Les médecins doivent faire des choix difficiles pour savoir qui a accès à des équipements médicaux rares. Les personnes âgées sont particulièrement exposées au risque de se voir refuser un traitement dans certains pays. Les citoyens plus âgés sont plus susceptibles de mourir à cause du virus, mais il y a des suggestions que l'âgisme pourrait être un facteur, trop.
Pendant ce temps, les dangers de la mondialisation deviennent évidents alors que les chaînes d'approvisionnement mondiales d'équipements médicaux essentiels, les produits chimiques et les aliments sont perturbés. Les pays découvrent qu'ils ne peuvent plus fabriquer les produits essentiels dont ils ont besoin, y compris médicaux.
De grandes sociétés pharmaceutiques et autres sont parmi celles qui se précipitent pour développer des traitements et des vaccins. Mais sera bon marché, les versions génériques seront-elles accessibles au public ou seront-elles soumises à des brevets restrictifs et à des prix abusifs ?
Après tout, certains prétendent que la pénurie de ventilateurs dans des pays comme les États-Unis est en partie due au fait que les entreprises donnent la priorité à la production de modèles plus chers et très rentables plutôt que moins chers, ceux de base.
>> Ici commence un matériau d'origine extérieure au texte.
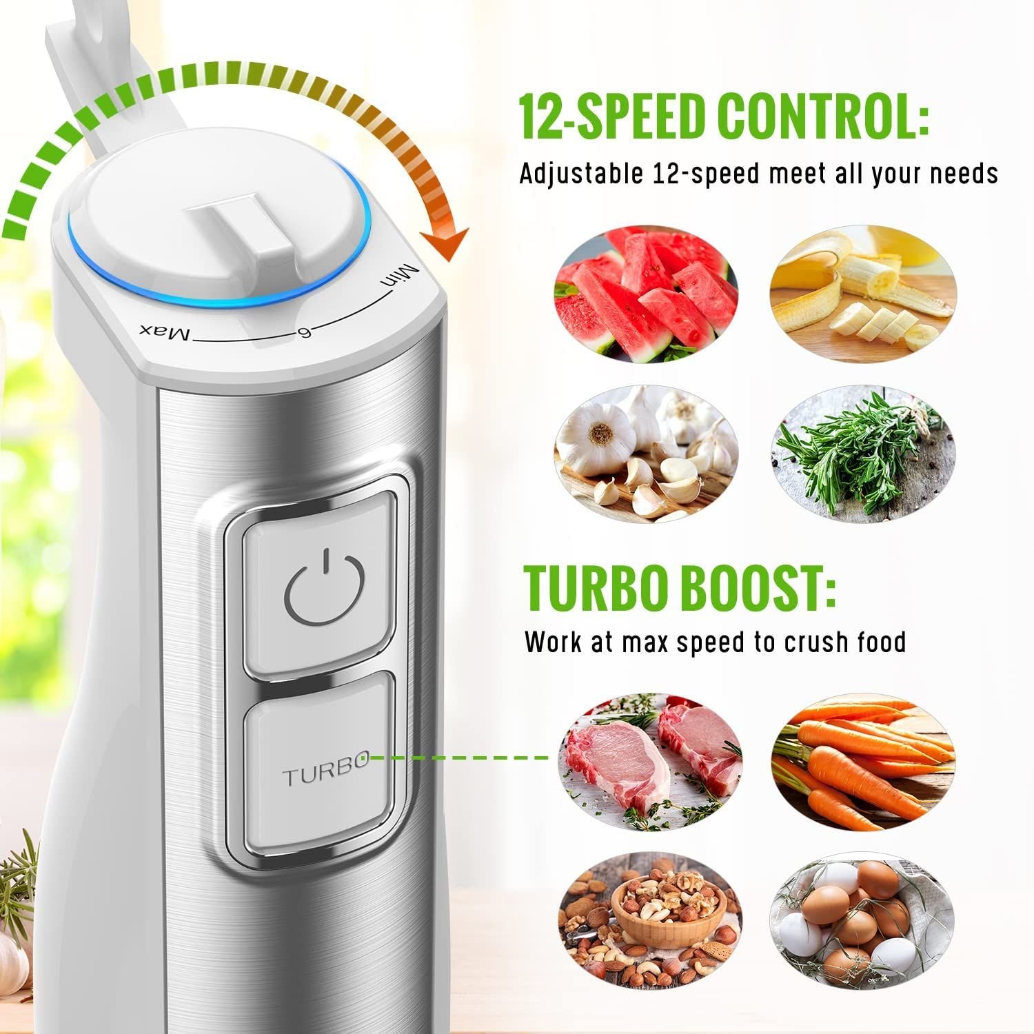 Our electric hand blender is so versatile enough to make fresh juice, puree, cream, cakes, desserts, butter, velvety soups, thick mayonnaise, chunky pesto, smoothies, baby food and more. Cooking is so entertaining that our handheld blender makes you fall in love with it!

Des guerres d'enchères pour des ventilateurs rares éclatent déjà.
Un retour à la social-démocratie ?
Étant donné que le marché ne s'en sort pas et que la nécessité pour le gouvernement d'intervenir est plus évidente que jamais, on pourrait penser que l'heure de la social-démocratie est revenue.
Quelques pays, comme la Suède, évoquent en effet les valeurs sociales-démocrates de solidarité et d'attention aux autres. Controversé, le gouvernement suédois peut croire que ces valeurs sont si fortes que des dispositions de verrouillage plus strictes ne sont pas nécessaires pour faire respecter la conformité de la communauté.
D'autres pays sociaux-démocrates comme le Danemark ont été parmi les premiers à introduire des formes de soutien salarial pour les personnes licenciées.
Cependant, à une époque où même les gouvernements conservateurs de pays comme l'Allemagne, La Grande-Bretagne et l'Australie abandonnent les restrictions néolibérales sur les restrictions budgétaires pour jeter des milliards sur la pandémie et leurs économies qui s'effondrent, le besoin de gouvernements sociaux-démocrates n'est peut-être pas aussi évident qu'auparavant.
Par ailleurs, les gouvernements sociaux-démocrates sont confrontés aux mêmes défis impossibles que les gouvernements conservateurs.
Dans mon récent livre sur la social-démocratie et l'égalité, J'ai soutenu que l'un des principaux objectifs des gouvernements sociaux-démocrates était de faire en sorte que les citoyens se sentent en sécurité et moins craintifs. La fourniture de bons services de santé accessibles au public et d'une aide au revenu pour les malades et les chômeurs en était un élément important.
Mais comment un gouvernement ou un parti politique peut-il faire en sorte que les gens se sentent en sécurité ou moins craintifs dans une pandémie et une catastrophe économique de cette ampleur ? Il s'agit d'une crise centennale qui pourrait exacerber la xénophobie, ainsi que les divisions sociales et économiques nationales existantes.
Par conséquent, le défi pour les sociaux-démocrates est que les problèmes qu'ils traiteraient normalement puissent être plutôt abordés par leurs opposants conservateurs traditionnels ou ceux d'extrême droite.
Cet article est republié à partir de The Conversation sous une licence Creative Commons. Lire l'article original.